New Projection Operators for Planar Electrodynamics
Flávio P. Cruz, José A. Santos, Victor J. V. Otoya
TL;DR
The paper develops a projector-based algebraic framework to efficiently invert the wave operator in planar (2+1) electrodynamics, yielding explicit propagators for Maxwell–Lee–Wick–Chern–Simons and Maxwell–Deser–Jackiw models. By introducing covariant and projector bases, it derives pole structures, residues, and unitarity conditions, including a Lee–Wick treatment for certain parameter regimes. The analysis shows a real-pole spectrum with relativistic dispersion or, when appropriate, damped resonances, and demonstrates that the MDJ model supports a single unitary massive mode while the MLWCS model can feature ghost states and requires careful contour prescriptions to preserve macroscopic causality.
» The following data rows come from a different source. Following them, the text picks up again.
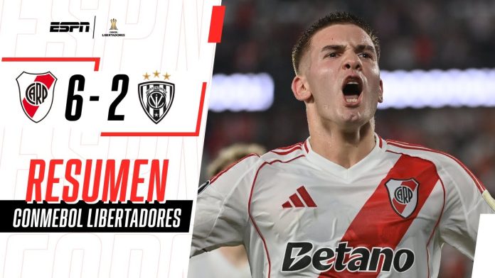 River Plate vapuleó 6-2 a Independiente del Valle y sacó pasaje a los octavos de final de la Copa Libertadores, a falta de una fecha para el final de la fase de grupos. Driussi, Zárate (en contra), Mastantuono, Meza, Borja y Lanzini convirtieron para el Millonario, Hoyos y Spinelli fueron los autores de los goles del equipo ecuatoriano. De esta manera, los dirigidos por Marcelo Gallardo se aseguraron el liderazgo en el Grupo B y suman con 11 puntos, seguido por Universitario (el próximo rival) con 7, Independiente del Valle (5) y Barcelona (4). Ahora apuntarán su mira en el partido del próximo martes ante Platense, de nuevo en el estadio Monumental, por los cuartos de final del Torneo Apertura.
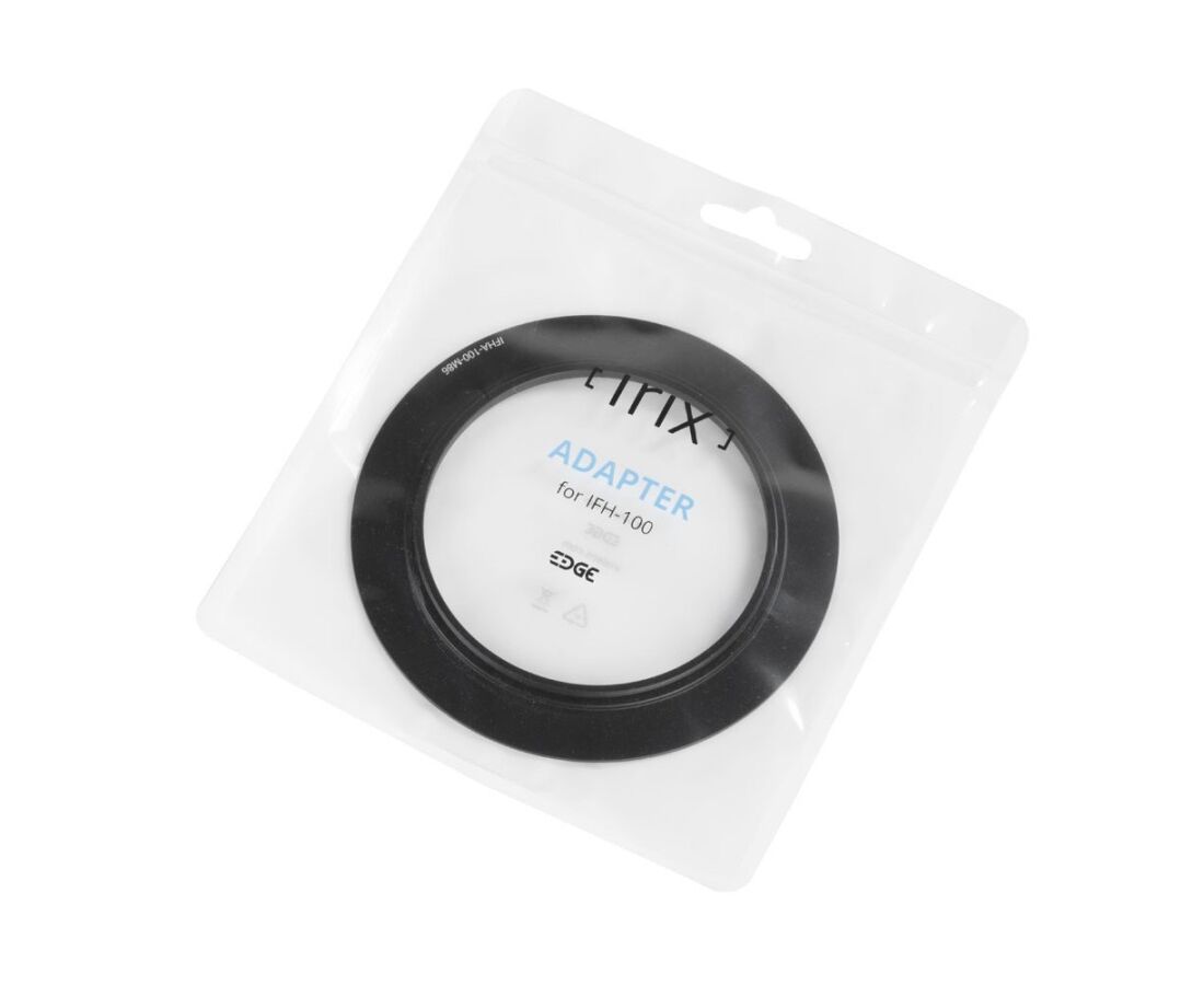 O adaptador Irix Edge 100 permite montar o suporte de filtro Irix Edge IFH-100 na lente com um diâmetro de rosca específico. O adaptador é montado na rosca frontal da lente.
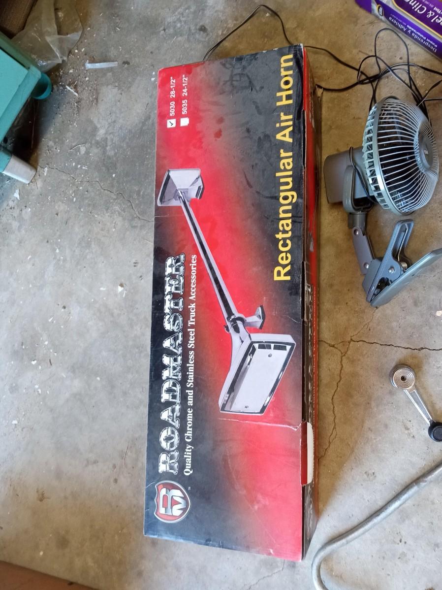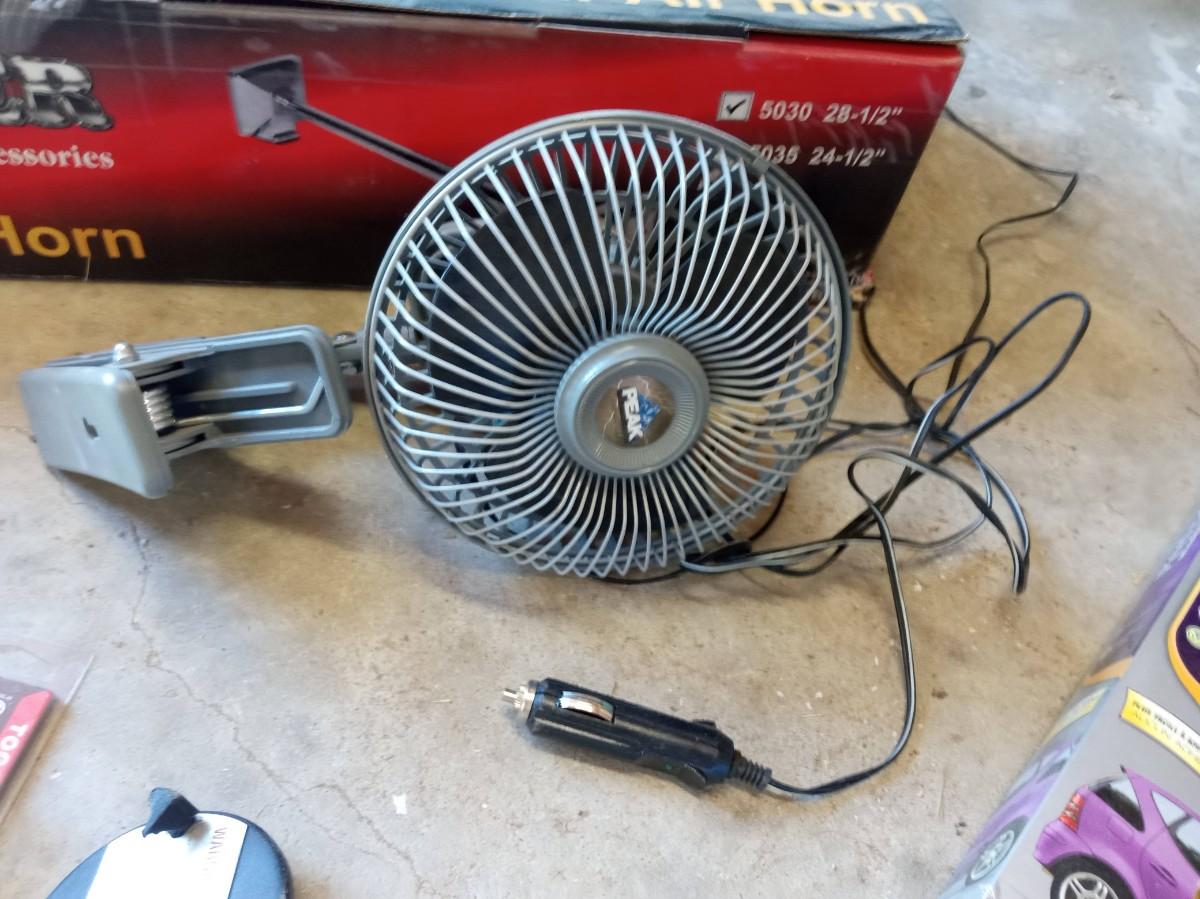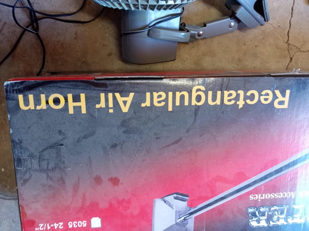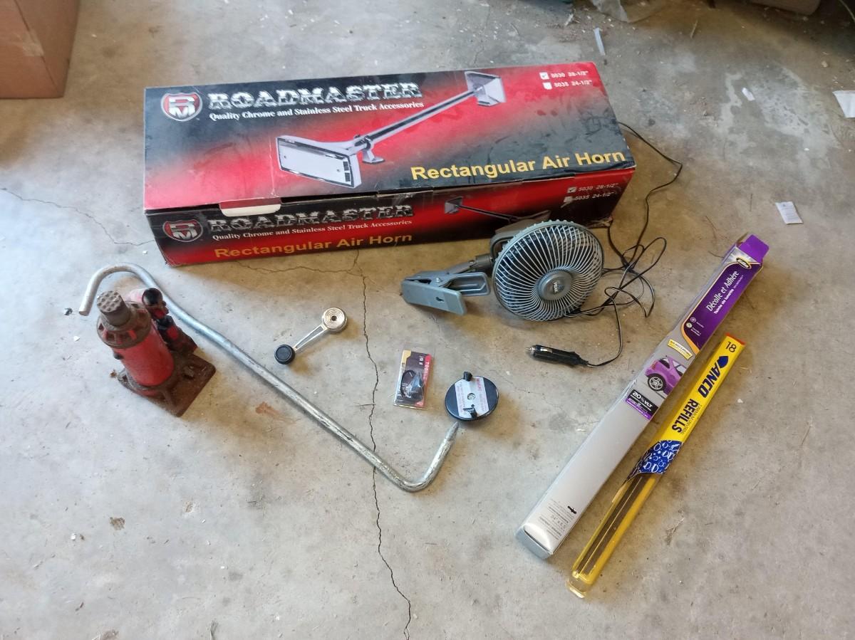 NEW ROADMASTER RECTANGULAR AIR HORN, BOTTLE JACK W/NO HANDLE, AUTO FAN, ETC
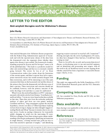 | Title: | Anti-amyloid therapies work for Alzheimer's disease |

The framework is presented as general and extensible, with potential applications to nonlocal, interacting, and gravitational planar theories.”
Abstract
In this article, we provide a new method for obtaining the propagator of two three-dimensional models of electrodynamics (Maxwell-Lee-Wick-Chern-Simons and Maxwell-Deser-Jackiw). This method introduce a new set of projection operators. Then we perform a causality and unitarity analysis.